A successor agency would receive 5 percent of the 2011-2012 tax increment, and 3 percent each year after that, but not less than $250,000 a year to perform its liquidation duties.

Montebello could receive $700,000 in the first year toward the liquidation of its redevelopment agency.

Commerce officials estimate their successor agency would receive $950,000 in the first year to cover administrative costs.

Though there are some rough estimates, many cities are unsure at this point of the total cost of becoming the successor agency. Monterey Park officials say there are potential legal costs related to the Atlantic Time Square project, a dispute regarding the Towne Center, and legal costs related to the Market Place agreements; but they also say the city may be protected from some of these costs depending on how the liquidation rules laid out in AB X 26 are interpreted.

Los Angeles chose not to become a successor agency, giving up control over the liquidation of as many as 86 major projects worth about $4 billion. The city’s legislative analyst warned that if it did not sever ties with its redevelopment agency, it could be on the hook for $109 million in salary and retirement costs.

Under the Padilla-Rubio bill, Los Angeles officials may have an opportunity to change their minds if the terms for becoming a successor agency are improved.

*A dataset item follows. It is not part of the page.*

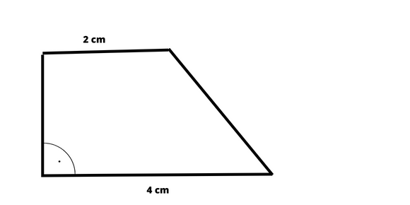 W tym zadaniu musisz narysować trapez prostokątny, którego dolna podstawa ma długości 4 cm, a górna podstawa mierzy 2 cm.

SB 659 would allow cities like Los Angeles to reconsider becoming a successor agency by Feb. 15.

It would also make sure scheduled payments are made to the state in their entirety on or before June 1, 2012, as provided in this year’s budget, according to the bill’s authors.

The bill keeps the original October 1, 2011 deadline for invalidating contracts between redevelopment agencies and a city or county to protect the state from RDA and parent transfers that occurred after the court decision and before February 1, 2012.